He glowered at them. “Eighteen bucks.”
Prue gaped dramatically at the man in the booth. The price seemed awfully expensive for an event at a near-abandoned carnival by a trash heap. She looked helplessly at Curtis. He gave her a shrug. She flipped her knapsack over and searched the contents for cash; none was forthcoming. Then she remembered something; a nagging memory, calling to her from what felt to be another century. In her jeans pocket were the crushed dollars that her mother had given her to buy naan bread, so many days previous. She heaved a sigh of relief as she extricated them from her pocket. She began flattening them out, one by one, on the booth counter. There were ten, all told. She smiled at the ticket taker.
“It’s all we have,” she said. She flashed then on her parents; they had sent her out to a neighborhood restaurant on a simple errand. What must they be thinking now? Would they ever have imagined—would she ever have imagined—what she would, in the end, be using these few crumpled dollars for?
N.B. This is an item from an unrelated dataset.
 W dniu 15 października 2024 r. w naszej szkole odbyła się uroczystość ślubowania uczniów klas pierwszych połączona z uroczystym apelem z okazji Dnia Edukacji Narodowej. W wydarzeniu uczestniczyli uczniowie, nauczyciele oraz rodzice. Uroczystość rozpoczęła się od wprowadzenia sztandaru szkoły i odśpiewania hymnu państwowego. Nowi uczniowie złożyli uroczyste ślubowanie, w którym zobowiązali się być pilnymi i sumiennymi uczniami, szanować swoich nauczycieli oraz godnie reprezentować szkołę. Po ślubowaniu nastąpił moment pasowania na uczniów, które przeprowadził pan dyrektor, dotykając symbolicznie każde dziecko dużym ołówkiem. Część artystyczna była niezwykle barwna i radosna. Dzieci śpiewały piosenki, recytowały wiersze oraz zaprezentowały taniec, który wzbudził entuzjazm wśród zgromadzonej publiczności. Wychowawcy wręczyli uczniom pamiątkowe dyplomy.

“We really want to see this show,” said Curtis.
The man arched an eyebrow. “Oh yeah?” He studied them both. “Well, you and about nobody else. Thank God they’re movin’ on tonight. The show stinks. I mean, besides Esben.” He grumbled a little and started pulling on the roll of blue tickets by his side. He slid two of them through the hole in the window; depositing them there, he begrudgingly began sorting out the mass of crumpled dollar bills Prue had given him.
“Enjoy the show,” he said before turning back to his book.
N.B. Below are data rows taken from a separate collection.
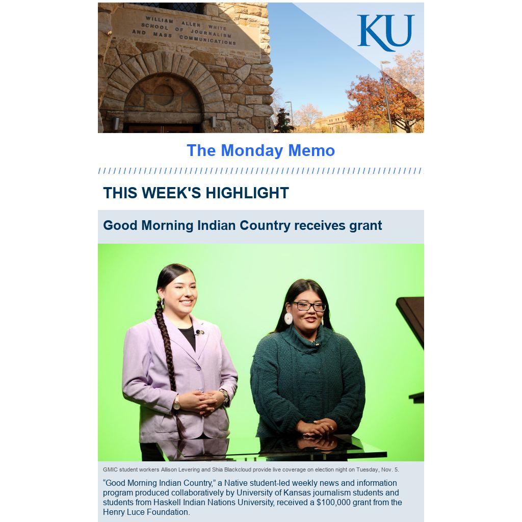 “Good Morning Indian Country,” a Native student-led weekly news and information program produced collaboratively by University of Kansas journalism students and students from Haskell Indian Nations University, received a $100,000 grant from the Henry Luce Foundation.
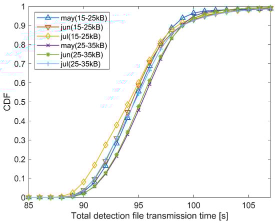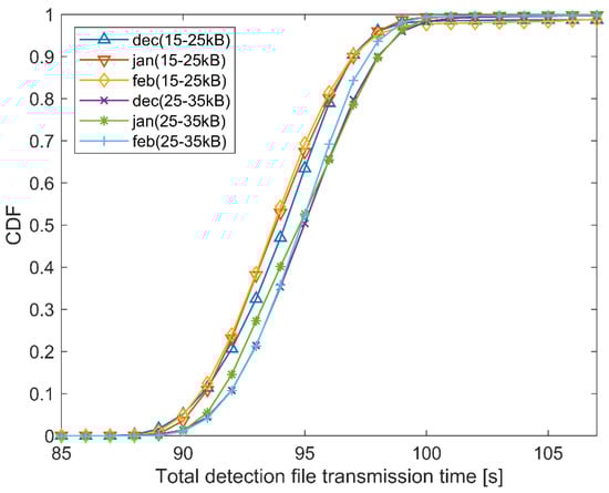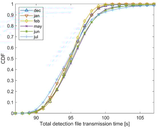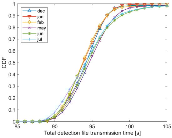 Figure 15 shows the cumulative distribution for the 15–25 kB range, while Figure 16 shows the cumulative distribution for the 25–35 kB range. Figure 15 and Figure 16 show the three rainiest months (May–July) and the three driest months (December–February), with the idea to observe whether there are some differences in the total detection file transmission times. The CDF of the rainiest months reaches the value 1 later than the CDF of the driest months. This means that, on average, it takes more time to transfer files to the central location when the weather conditions have more negative impact on the satellite link. However, given that the overall system is robust and can tolerate differences up to several seconds, the given differences in total detection file transmission times between the worst and the best weather condition months are acceptable.
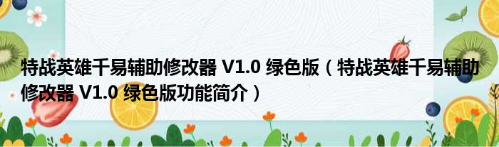 特战英雄千易辅助修改器 V1.0 绿色版(特战英雄千易辅助修改器 V1.0 绿色版功能简介)
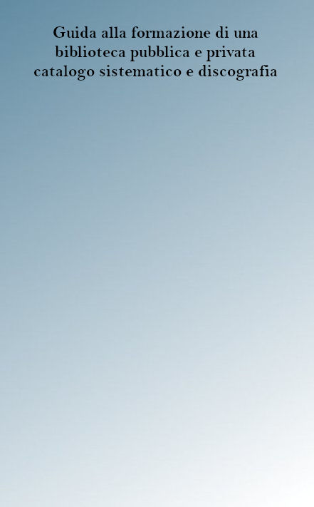 | Titolo completo | Guida alla formazione di una biblioteca pubblica e privata : catalogo sistematico e discografia / con un commento di Delio Cantimori ; una lettera di Salvatore Accardo e una documentazione sull'esperienza di Dogliani |
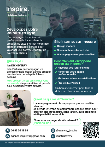 Réalisation d’un flyer de communication pour Ion Etcheverry, spécialisé dans la création de sites internet pour les artisans et professionnels locaux.

They found their seats in the audience of the big top tent; a gray-haired woman handed them a program. The room was nearly empty. Two teenagers were giggling in the back row of the bleachers; a middle-aged man, alone, sat off to the side, eating roasted peanuts from a grease-stained paper bag. Curtis, taking his seat, looked at the program the woman had given him; it was a cheap, photocopied pamphlet, printed on shocking yellow paper. On the cover was the picture of a bear, its jaws open to reveal an astonishing row of teeth. Above the picture was a banner, which sported the words: “WILD ANIMALS! SAVAGE BEASTS!” At the bottom, a similar banner read: “ESBEN THE GREAT!” Curtis opened the pamphlet, only to have the inner pages go fluttering to the ground at his feet. He was just reaching down to retrieve them when the lights flashed in the tent.
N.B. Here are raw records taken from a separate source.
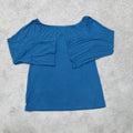 White Black House Market Womens Blouse Top Round Neck Long Sleeves Blue SZ Small
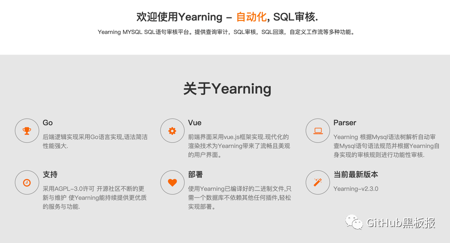 今天要推荐的工具 Yearning,是一个开箱即用的 MySQL Web 审核平台,提供查询审计,SQL审核,SQL回滚,自定义工作流等多种功能。
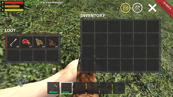 3、然后掏出武器,点击瞄准即可开火(一般都是石斧,想要其它武器需要自己打造);
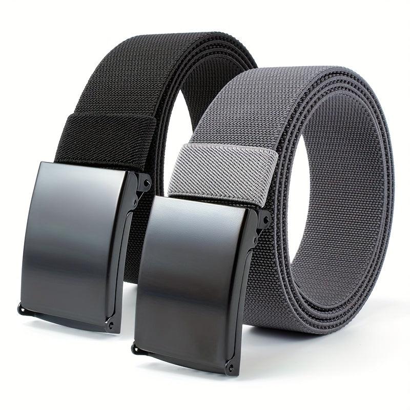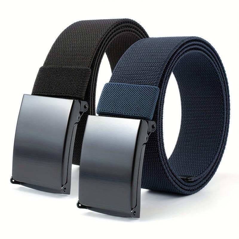 Stay stylish and comfortable with this set of 2 casual elastic sports belts featuring a square button iron buckle. Perfect for daily wear and commuting.
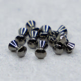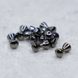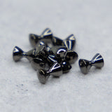 Solid brass dumbbell eyes with black nickel anodized coating.

The man who they’d just bought tickets from shuffled in and surveyed the sparse audience. “Ladies and gentlemen,” he said in a flat and unenthused voice, which seemed to sluggishly slide from one word to the next. “Prepare yourselves for the experience of a lifetime. Let the Gamblin Brothers Circus big top transport you to a place of magic and wonder.” He stopped and picked at his nose, briefly studying his finger before wiping it on his pants and continuing, “They’ve traveled the world, from Siam to Siberia, tickling the fancies of tsars and sultans alike. Women and small children should be advised: What you are about to see will confound and astonish. The show everyone’s been talking about …” He gave a halfhearted dramatic pause before announcing: “Esben the Great.”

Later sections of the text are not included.